What to produce:
Nothing below is to be printed except the lines between the line holding "午前中から雨が降り出しました" and the line holding "This bingo card", inclusive, each exactly as it appears.

Information given:

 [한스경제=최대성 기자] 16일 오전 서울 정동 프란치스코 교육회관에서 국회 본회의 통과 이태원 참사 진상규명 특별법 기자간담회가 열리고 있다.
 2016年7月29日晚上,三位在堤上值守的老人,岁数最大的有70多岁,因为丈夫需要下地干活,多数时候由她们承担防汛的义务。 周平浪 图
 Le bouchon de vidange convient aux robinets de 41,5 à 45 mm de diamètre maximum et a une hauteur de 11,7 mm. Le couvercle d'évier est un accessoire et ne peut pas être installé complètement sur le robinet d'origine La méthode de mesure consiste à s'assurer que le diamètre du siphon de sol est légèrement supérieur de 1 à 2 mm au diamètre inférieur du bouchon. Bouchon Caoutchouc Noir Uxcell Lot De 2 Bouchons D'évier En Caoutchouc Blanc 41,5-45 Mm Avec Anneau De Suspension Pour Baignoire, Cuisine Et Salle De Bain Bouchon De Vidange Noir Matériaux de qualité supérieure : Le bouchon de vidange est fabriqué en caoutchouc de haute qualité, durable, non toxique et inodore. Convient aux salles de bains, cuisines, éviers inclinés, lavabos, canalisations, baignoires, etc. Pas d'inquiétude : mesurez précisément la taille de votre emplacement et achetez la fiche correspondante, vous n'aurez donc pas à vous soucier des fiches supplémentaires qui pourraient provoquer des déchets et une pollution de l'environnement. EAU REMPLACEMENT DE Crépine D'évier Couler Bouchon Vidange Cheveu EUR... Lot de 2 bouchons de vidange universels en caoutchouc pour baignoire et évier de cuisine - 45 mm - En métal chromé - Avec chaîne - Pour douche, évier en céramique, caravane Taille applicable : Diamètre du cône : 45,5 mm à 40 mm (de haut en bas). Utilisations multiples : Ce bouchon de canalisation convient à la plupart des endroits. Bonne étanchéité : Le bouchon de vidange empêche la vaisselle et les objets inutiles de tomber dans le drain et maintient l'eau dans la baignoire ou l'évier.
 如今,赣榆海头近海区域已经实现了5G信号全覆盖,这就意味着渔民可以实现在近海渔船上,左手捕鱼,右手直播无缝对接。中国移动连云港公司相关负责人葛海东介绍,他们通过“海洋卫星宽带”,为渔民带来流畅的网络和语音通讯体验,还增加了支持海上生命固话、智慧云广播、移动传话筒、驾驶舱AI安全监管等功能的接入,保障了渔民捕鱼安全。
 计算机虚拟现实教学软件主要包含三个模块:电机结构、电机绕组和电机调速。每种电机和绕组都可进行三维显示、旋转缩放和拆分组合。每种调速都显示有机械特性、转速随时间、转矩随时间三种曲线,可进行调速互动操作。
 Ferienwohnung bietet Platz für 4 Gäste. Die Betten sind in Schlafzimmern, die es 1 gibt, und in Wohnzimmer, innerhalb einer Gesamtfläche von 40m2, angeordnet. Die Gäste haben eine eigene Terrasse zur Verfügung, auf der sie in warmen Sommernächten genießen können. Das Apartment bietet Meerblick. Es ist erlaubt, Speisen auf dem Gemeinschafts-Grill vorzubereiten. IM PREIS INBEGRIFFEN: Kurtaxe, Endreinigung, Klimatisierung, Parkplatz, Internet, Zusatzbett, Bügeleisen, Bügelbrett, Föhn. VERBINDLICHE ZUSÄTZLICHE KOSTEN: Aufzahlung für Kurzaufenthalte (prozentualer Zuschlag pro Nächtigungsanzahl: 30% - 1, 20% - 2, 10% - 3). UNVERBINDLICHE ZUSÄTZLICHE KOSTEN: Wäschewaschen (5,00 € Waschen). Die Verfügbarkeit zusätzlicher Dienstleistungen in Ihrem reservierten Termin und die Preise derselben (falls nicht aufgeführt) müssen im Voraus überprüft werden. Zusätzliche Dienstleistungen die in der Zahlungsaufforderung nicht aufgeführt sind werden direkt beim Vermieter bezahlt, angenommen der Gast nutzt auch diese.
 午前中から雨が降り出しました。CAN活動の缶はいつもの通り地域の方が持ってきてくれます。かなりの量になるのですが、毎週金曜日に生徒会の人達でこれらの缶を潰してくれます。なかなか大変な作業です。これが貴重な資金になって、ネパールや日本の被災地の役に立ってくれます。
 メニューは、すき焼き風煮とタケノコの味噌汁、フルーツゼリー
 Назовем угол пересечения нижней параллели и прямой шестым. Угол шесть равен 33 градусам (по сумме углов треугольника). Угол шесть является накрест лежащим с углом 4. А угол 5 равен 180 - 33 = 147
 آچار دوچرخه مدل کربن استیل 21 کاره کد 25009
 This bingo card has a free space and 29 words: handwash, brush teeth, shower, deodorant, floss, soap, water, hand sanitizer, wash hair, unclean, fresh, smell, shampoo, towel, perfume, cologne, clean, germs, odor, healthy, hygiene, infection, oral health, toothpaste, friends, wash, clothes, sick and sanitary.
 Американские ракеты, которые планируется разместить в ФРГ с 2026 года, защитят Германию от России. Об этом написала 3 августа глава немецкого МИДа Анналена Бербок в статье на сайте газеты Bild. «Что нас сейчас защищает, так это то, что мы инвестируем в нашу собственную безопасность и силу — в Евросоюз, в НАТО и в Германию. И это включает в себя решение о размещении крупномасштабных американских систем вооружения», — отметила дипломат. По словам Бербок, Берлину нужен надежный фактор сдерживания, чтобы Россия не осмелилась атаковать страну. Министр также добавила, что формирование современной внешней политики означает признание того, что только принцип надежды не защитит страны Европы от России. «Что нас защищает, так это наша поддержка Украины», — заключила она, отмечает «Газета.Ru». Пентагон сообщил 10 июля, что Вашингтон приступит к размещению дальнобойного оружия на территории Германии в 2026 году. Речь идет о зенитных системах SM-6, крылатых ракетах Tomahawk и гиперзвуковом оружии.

Response for this exercise:
 午前中から雨が降り出しました。CAN活動の缶はいつもの通り地域の方が持ってきてくれます。かなりの量になるのですが、毎週金曜日に生徒会の人達でこれらの缶を潰してくれます。なかなか大変な作業です。これが貴重な資金になって、ネパールや日本の被災地の役に立ってくれます。
 メニューは、すき焼き風煮とタケノコの味噌汁、フルーツゼリー
 Назовем угол пересечения нижней параллели и прямой шестым. Угол шесть равен 33 градусам (по сумме углов треугольника). Угол шесть является накрест лежащим с углом 4. А угол 5 равен 180 - 33 = 147
 آچار دوچرخه مدل کربن استیل 21 کاره کد 25009
 This bingo card has a free space and 29 words: handwash, brush teeth, shower, deodorant, floss, soap, water, hand sanitizer, wash hair, unclean, fresh, smell, shampoo, towel, perfume, cologne, clean, germs, odor, healthy, hygiene, infection, oral health, toothpaste, friends, wash, clothes, sick and sanitary.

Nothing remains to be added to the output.